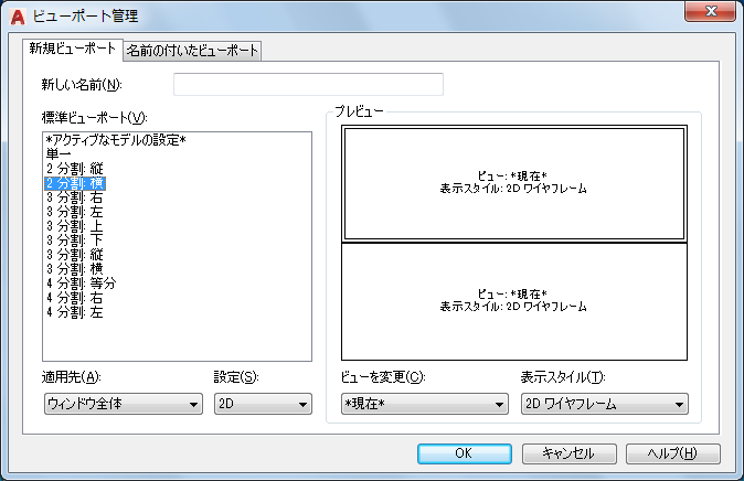 新しいモデル空間ビューポート設定の名前を指定します。名前を入力しない場合、作成したビューポート設定は適用されますが登録されません。ビューポート設定を登録しないと、レイアウトで使用できません。
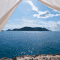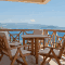 Sur la plage rocailleuse, les terrasses couvertes privées donnent sur l'île de Kastellorizo ​​et la Méditerranée. La terrasse de la piscine dispose de chaises longues et de parasols blancs élégants.
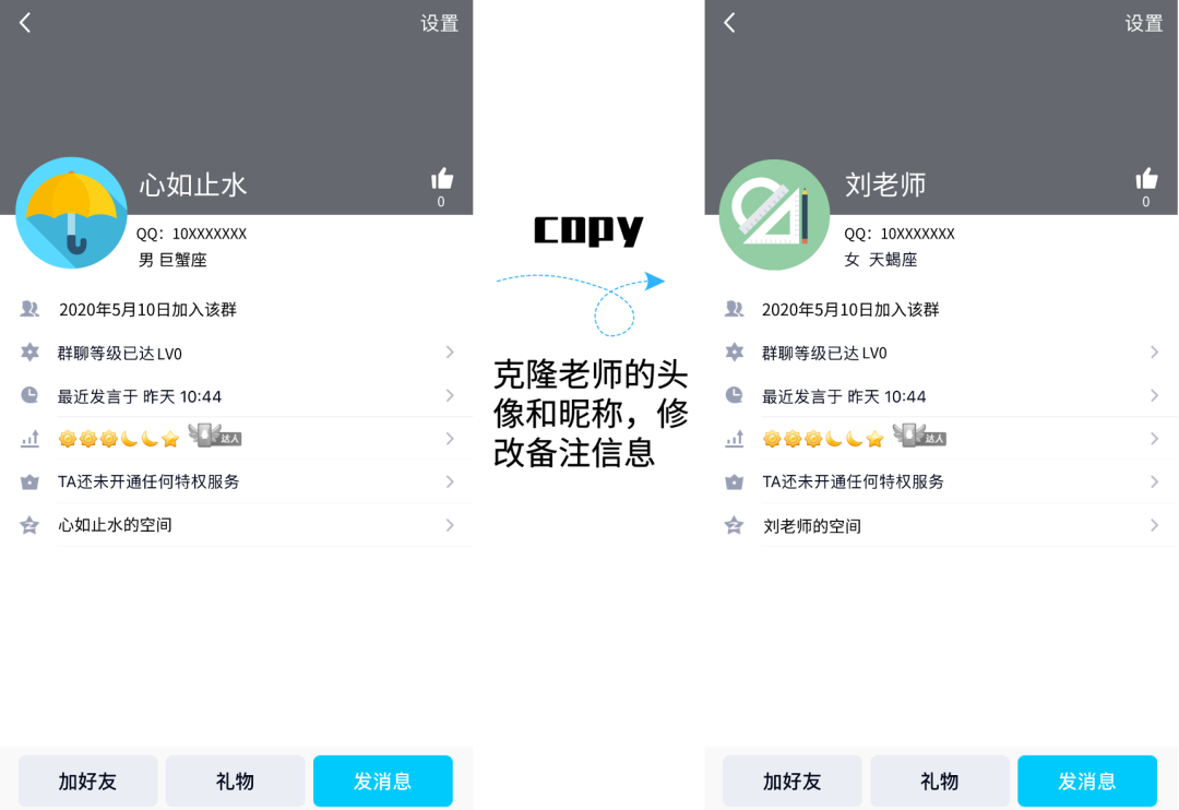 1、克隆老师的头像和昵称,修改备注信息。
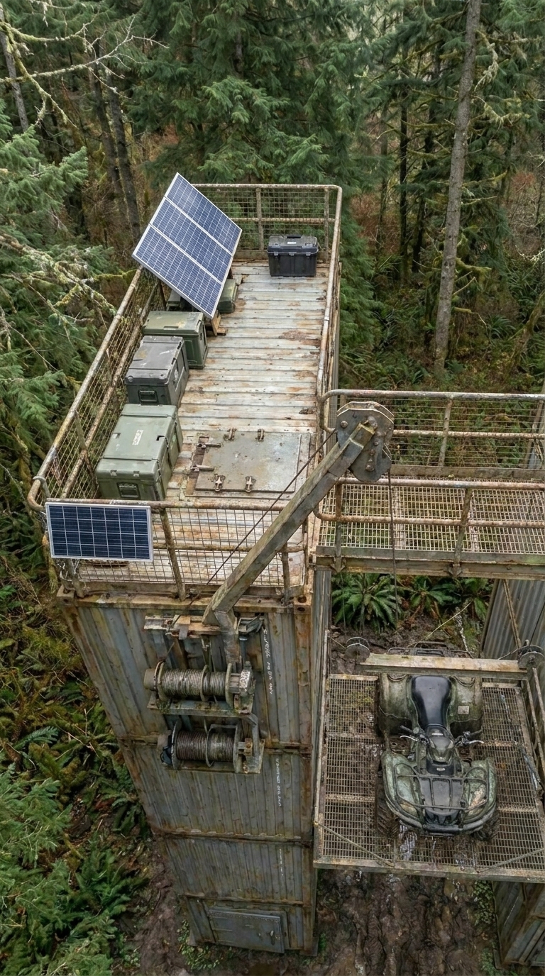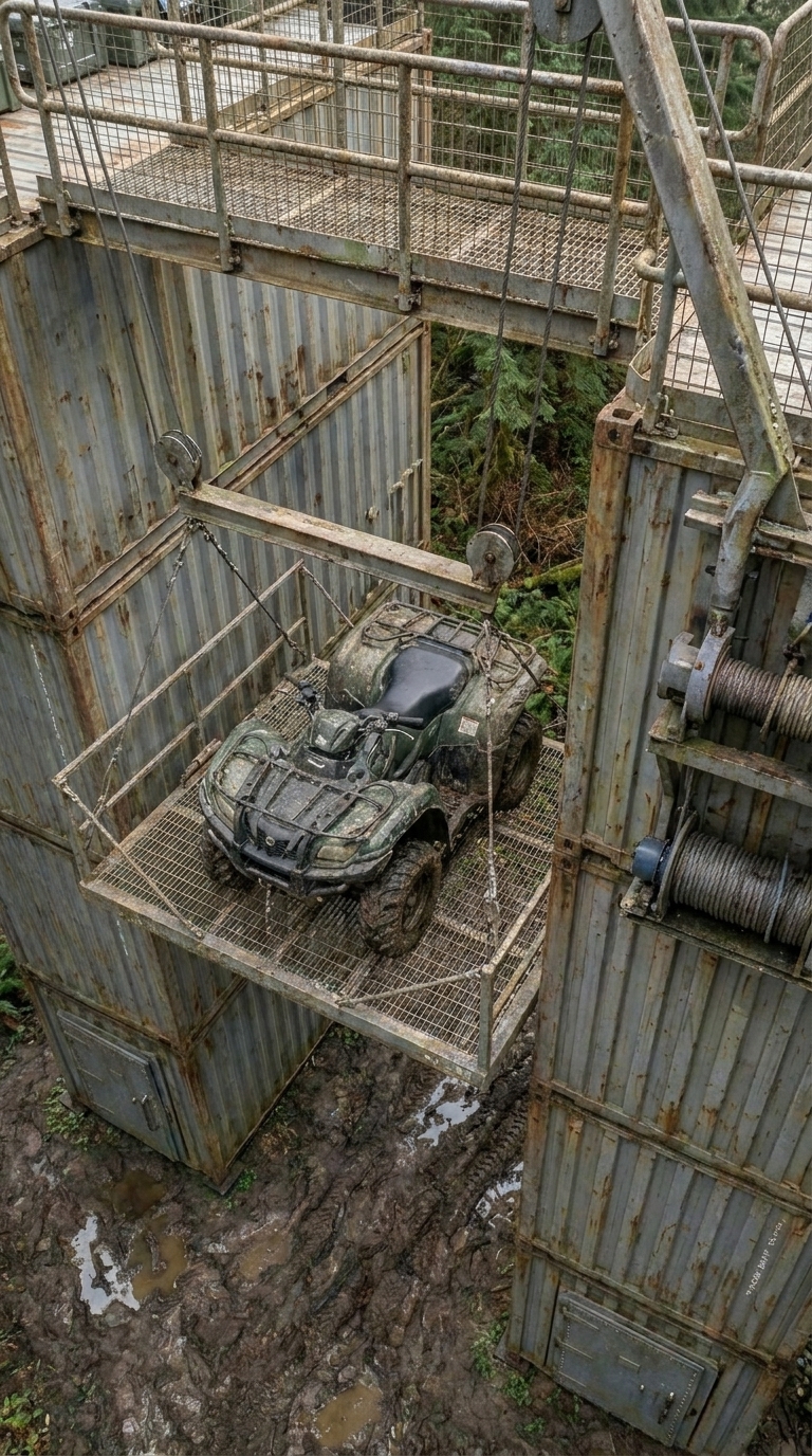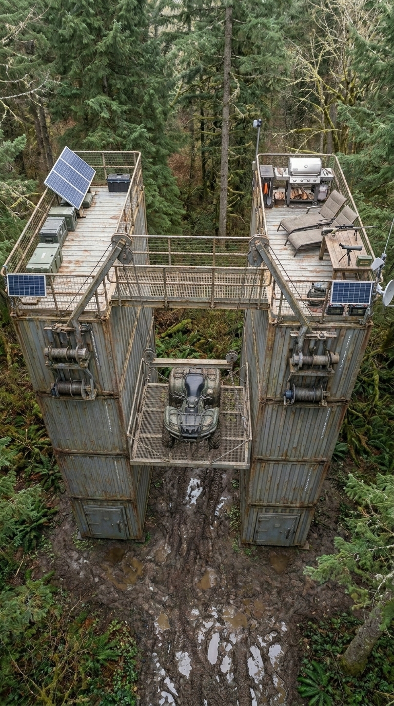 A key feature of this survival bunker is the reinforced lift system designed specifically for safely storing and accessing an all-terrain vehicle. Suspended between the container towers, the platform is engineered with heavy-duty steel cables, industrial pulleys, and a stabilized frame to ensure maximum reliability under load. This elevated lift keeps the vehicle protected from mud, flooding, and ground-level threats while maintaining quick access when mobility is required.
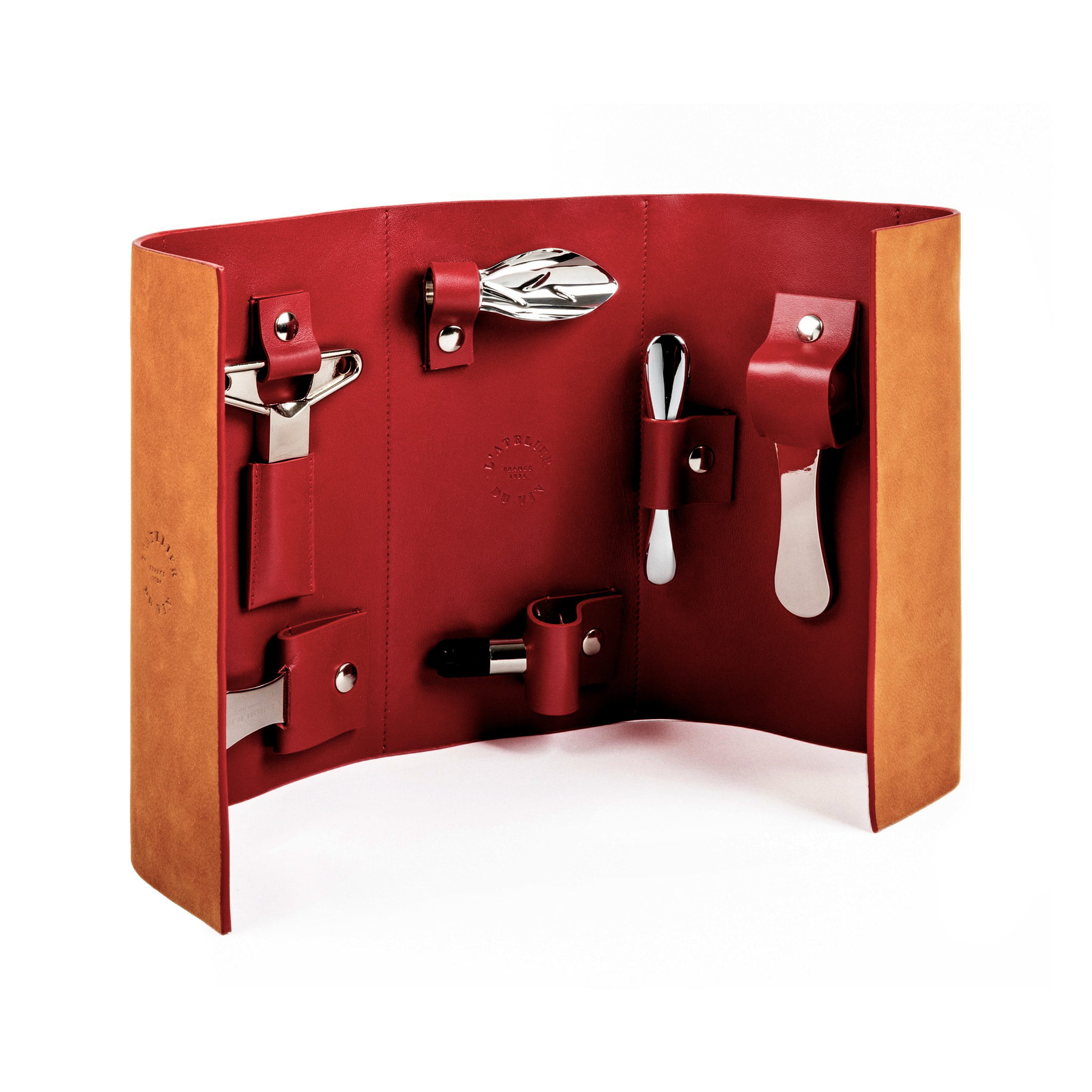 Each case is made from natural fawn leather that ages beautifully over time, with a durable and colorful interior. Every toolkit is unique—just like its owner.
● ● ● ●
What you need to do: Return every entry word for word, leaving the pictures out.

Task output:
 新しいモデル空間ビューポート設定の名前を指定します。名前を入力しない場合、作成したビューポート設定は適用されますが登録されません。ビューポート設定を登録しないと、レイアウトで使用できません。
 Sur la plage rocailleuse, les terrasses couvertes privées donnent sur l'île de Kastellorizo ​​et la Méditerranée. La terrasse de la piscine dispose de chaises longues et de parasols blancs élégants.
 1、克隆老师的头像和昵称,修改备注信息。
 A key feature of this survival bunker is the reinforced lift system designed specifically for safely storing and accessing an all-terrain vehicle. Suspended between the container towers, the platform is engineered with heavy-duty steel cables, industrial pulleys, and a stabilized frame to ensure maximum reliability under load. This elevated lift keeps the vehicle protected from mud, flooding, and ground-level threats while maintaining quick access when mobility is required.
 Each case is made from natural fawn leather that ages beautifully over time, with a durable and colorful interior. Every toolkit is unique—just like its owner.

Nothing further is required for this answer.